Oatmeal Blueberry Muffins
Recipe from http://www.joythebaker.com/blog/archives/320
and modified by me

Makes 12-15 muffins

  • 1 1/4 cups whole wheat flour (I used quinoa flour, because I can't have to much gluten)
  • 1 1/4 cups oats
  • 1 tsp baking powder
  • 1/2 tsp baking soda
  • 1/4 tsp salt
  • 1/2 tsp cinnamon
  • 1 cup unsweetened applesauce (I used 2 cups)
  • 1/2 cup low-fat buttermilk (I used soy milk, because I can't have too much milk)
  • 1/2 cup firmly packed brown sugar (I skipped the sugar)
  • 2 tbsp canola oil
  • 1 large egg, lightly beaten
  • 3/4 cup blueberries (fresh or frozen) (I used 1 1/2 of unsweetened blueberries)
  • And I added 1 mushed up overripe banana. If you want you can use this instead of the egg if you're making these vegan.
  • And I added a splash of vanilla

Preheat oven to 375 degrees.

Line a 12 cup muffin tin with paper cases or spray with nonstick cooking spray. I simple greased and floured a muffin pan, saving the paper. (I just greased a nonstick muffin pan with canola oil)

In a large bowl combine flour, oats, baking powder, baking soda, salt and cinnamon. In a medium bowl combine applesauce, milk product, sugar (I omitted), oil, vanilla, egg and banana. Make a well in dry ingredients and add applesauce mixture. Stir until just moist. Fold in blueberries. Fill muffin cups 2/3 full.

Bake for 16-18 minutes. (I ended up having to make mine for about 21 minutes or so)

Sunday, March 1, 2009

I love anything apple

So lately I've been addicted to reading other people's cooking and baking blogs. I seriously can't get enough and I really can't wait to make some of the delicious recipes I've found. Here's a recipe that I have taken in it's original form from http://orangette.blogspot.com/. I literally copied and pasted the entire thing so I can't take any credit other then I found it and am sharing it with you.

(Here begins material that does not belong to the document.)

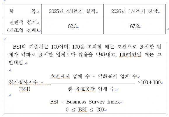 경기전망지수는 100 미만이면 다음 분기 경기가 이번 분기보다 나빠질 것으로 보는 기업이 더 많은 것이고, 100을 넘어서면 그 반대다.
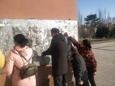 为美化校园,创造整洁环境,迎接全市的“创城”活动,11月21日下午,在化学与化工学院党总支书记李荣的带领下,化学与化工学院学院全体师生党员身体力行,积极发挥党员模范带头作用,在逸夫楼、主教学楼前、锅炉房周围等进行了治理“校园牛皮癣”劳动。校党委委员、副校长许卫,学校第二巡回指导组成员参加了本次活动。

I'm planning on making this in the next 2 weeks and am planning to have people over so I can share it's tasty goodness with my friends. If you get the chance to make it before I do then please let me know how it turns out.

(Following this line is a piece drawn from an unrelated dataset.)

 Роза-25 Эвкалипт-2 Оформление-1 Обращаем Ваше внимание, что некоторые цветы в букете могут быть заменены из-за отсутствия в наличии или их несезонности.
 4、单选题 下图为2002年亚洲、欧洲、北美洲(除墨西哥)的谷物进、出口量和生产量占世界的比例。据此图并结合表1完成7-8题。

Ps. I really do love anything apple. It's a great way to my heart.




Apple Tart Cake
Adapted from Judy Amster’s friend and borrowed post from http://orangette.blogspot.com/

"For this cake, it is particularly important that your oven temperature is accurate. If it runs too hot, the base of the cake could burn before the apples are fully cooked, and the topping, too, could burn before it has time to set.

Also, if your apples aren’t terribly tart, you might consider reducing the sugar in the base a little bit, down from 1 cup to maybe, say, ¾ cup.

1 cup granulated sugar
1 cup all-purpose flour
1 tsp. baking powder
5 Tbsp. cold unsalted butter, cut into a few pieces
1 tsp. vanilla extract
1 large egg, lightly beaten
3 large Granny Smith apples, peeled, cored, and sliced very thinly

For topping:
3 Tbsp. granulated sugar
3 Tbsp. unsalted butter, melted and cooled slightly
1 tsp. ground cinnamon
1 large egg

Preheat oven to 350°. Butter and flour a 9-inch springform pan.

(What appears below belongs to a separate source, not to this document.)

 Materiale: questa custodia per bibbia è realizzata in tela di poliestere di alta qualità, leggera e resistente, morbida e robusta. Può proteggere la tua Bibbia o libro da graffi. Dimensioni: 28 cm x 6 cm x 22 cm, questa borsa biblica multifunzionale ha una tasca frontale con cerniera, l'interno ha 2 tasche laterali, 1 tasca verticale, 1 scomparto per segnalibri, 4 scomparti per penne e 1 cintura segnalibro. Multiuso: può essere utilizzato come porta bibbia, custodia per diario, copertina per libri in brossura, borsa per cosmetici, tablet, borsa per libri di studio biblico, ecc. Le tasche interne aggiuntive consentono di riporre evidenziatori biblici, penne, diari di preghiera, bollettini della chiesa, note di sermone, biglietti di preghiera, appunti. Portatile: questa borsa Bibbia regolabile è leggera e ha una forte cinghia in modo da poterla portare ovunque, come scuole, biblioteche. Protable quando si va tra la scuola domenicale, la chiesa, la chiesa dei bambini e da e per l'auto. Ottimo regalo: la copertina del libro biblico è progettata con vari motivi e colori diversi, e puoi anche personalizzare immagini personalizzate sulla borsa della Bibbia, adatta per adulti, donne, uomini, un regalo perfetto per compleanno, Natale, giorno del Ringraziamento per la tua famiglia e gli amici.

In the bowl of a food processor fitted with the steel blade attachment, combine the sugar, flour, and baking powder. Pulse to mix. Add the butter, and pulse until no large lumps remain. Add the vanilla and the egg, and blend well, until it resembles cornmeal. Dump it into the prepared springform pan. Nudge it around with your fingertips to distribute it evenly, and then gently press it along the bottom of the pan. You’re not trying to really tamp it down; you just want to compact it a little. At the edges, let it curve up ever so slightly, like a tart shell with a very low, subtle rim. Arrange the apple slices over the base in a tight circular pattern. It may seem as though you have too many apple slices to fit, but keep going. Really squeeze them in. Slide the pan into the oven, and bake for 45 minutes.

Meanwhile, make the topping. Combine the ingredients in a small bowl, and whisk to blend well. After the cake has baked for 45 minutes, remove it from the oven, and spoon the topping evenly over it. Bake for another 25 minutes or so, until the topping looks set. Transfer the pan to a wire rack, and cool for 20 minutes. Then run a thin knife around the edge to release any areas that may have stuck, and remove the sides of the pan. Cool completely before serving."